First, they spent some time getting the rats used to the team and the play area. Then they played a modified version of hide-and-seek with the rodents, teaching them first how to hide from the researchers, and then to seek out the hiding scientists.


"We weren't sure if they can do it as good as we wanted them to play it. But we were really surprised that they are actually very good in this game," she said.

"So they can play both hide and seek, and they can switch between the roles — which is kind of the most impressive cognitive parts of the game. ... They also use both roles and play them in a strategic way." 

It took the critters an average of three weeks to master the rules of the game, Reinhold said, and they became quite clever at it, shunning the clear hiding spots for opaque ones. 
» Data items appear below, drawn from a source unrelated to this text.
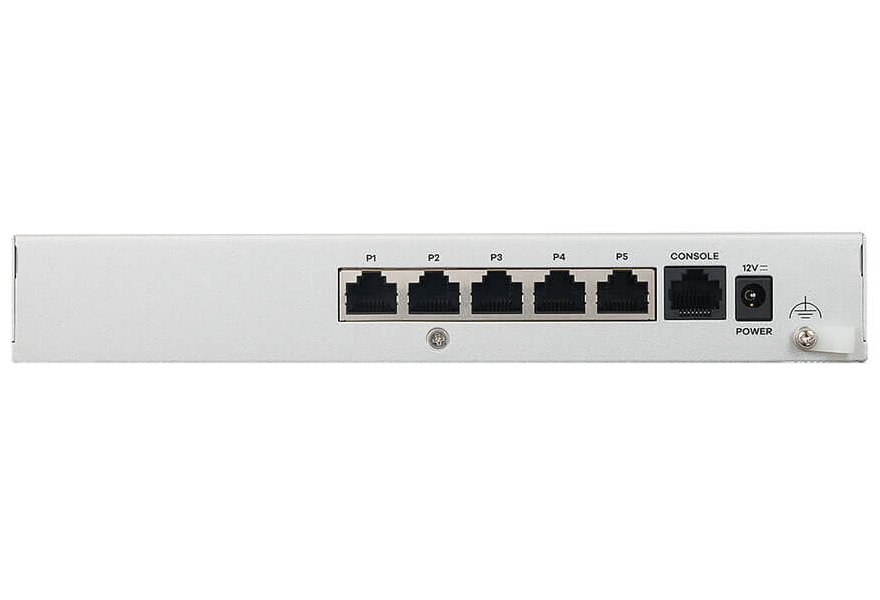 Porty: 5× GbE RJ-45, 1× USB 3.0, 1× konzolový port RJ-45
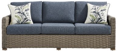 The Siesta Key sectional provides ample seating so the whole family can enjoy your beautiful patio space. Constructed from large weave all-weather woven wicker in a driftwood finish for a tropical feel steeped in casual comfort, a rust-resistant powder coated aluminum frame creates durability. Inky blue cushions are UV resistant and sturdy, providing a beautiful look. Four decorative toss pillows add the perfect accent. Select cushion colors also available in Sunbrella fabric.
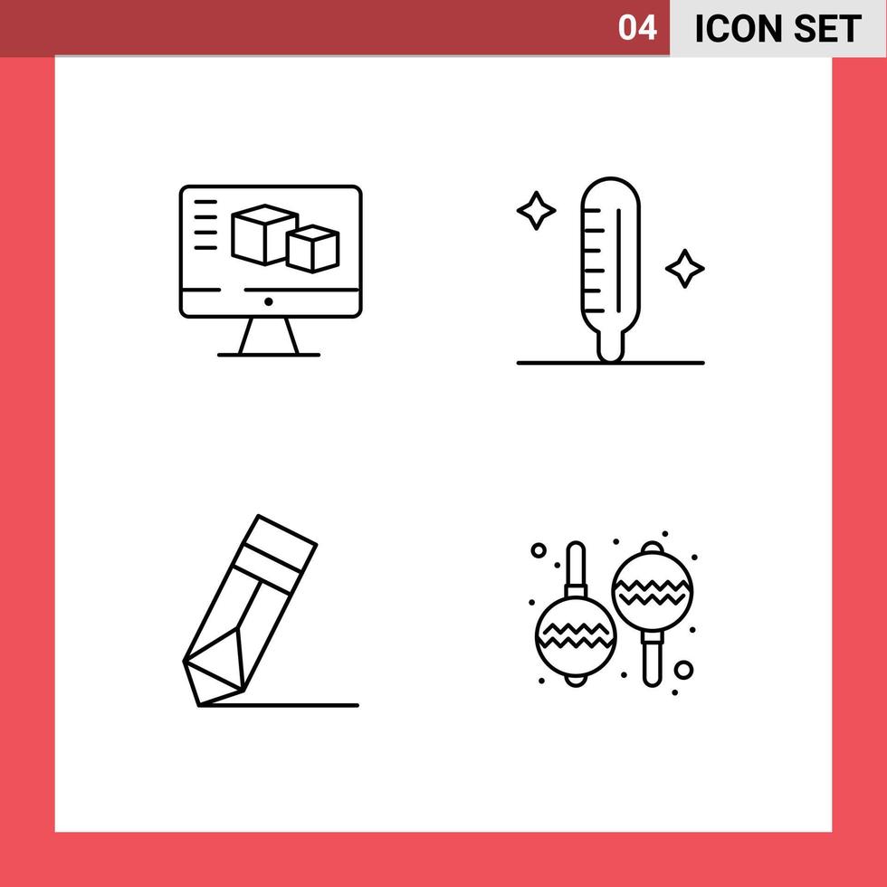 Mobile Interface Line Set of 4 Pictograms of computer design computing medical wreath Editable Vector Design Elements

"What it shows to us is that they really kind of understand the game and the reason for hiding," she said.

No snacks — just snuggles

When the rats were successful in either hiding or seeking, the researchers would reward them with physical attention like "hand-chasing, stroking, patting [or] tickling."

"We didn't want them to play that game for food reward because that would basically disturb the playful role of the game," Reinhold said. "So we wouldn't know if they would play it just for eating, or because they actually had fun."

Reinhold with members of her laboratory team. (Submitted by Annika Reinhold)

And it appears they did, indeed, have fun.

Not only did they they exhibit neural activity that indicated a positive experience, but they would squeal and jump excitedly whenever they won.

In fact, they appeared to be having such a good time that they tried to make the games last longer — delaying their gratification. 

"They were also prolonging the time by running away or re-hiding, so that it would take them longer until they would get tickled," Reinhold said.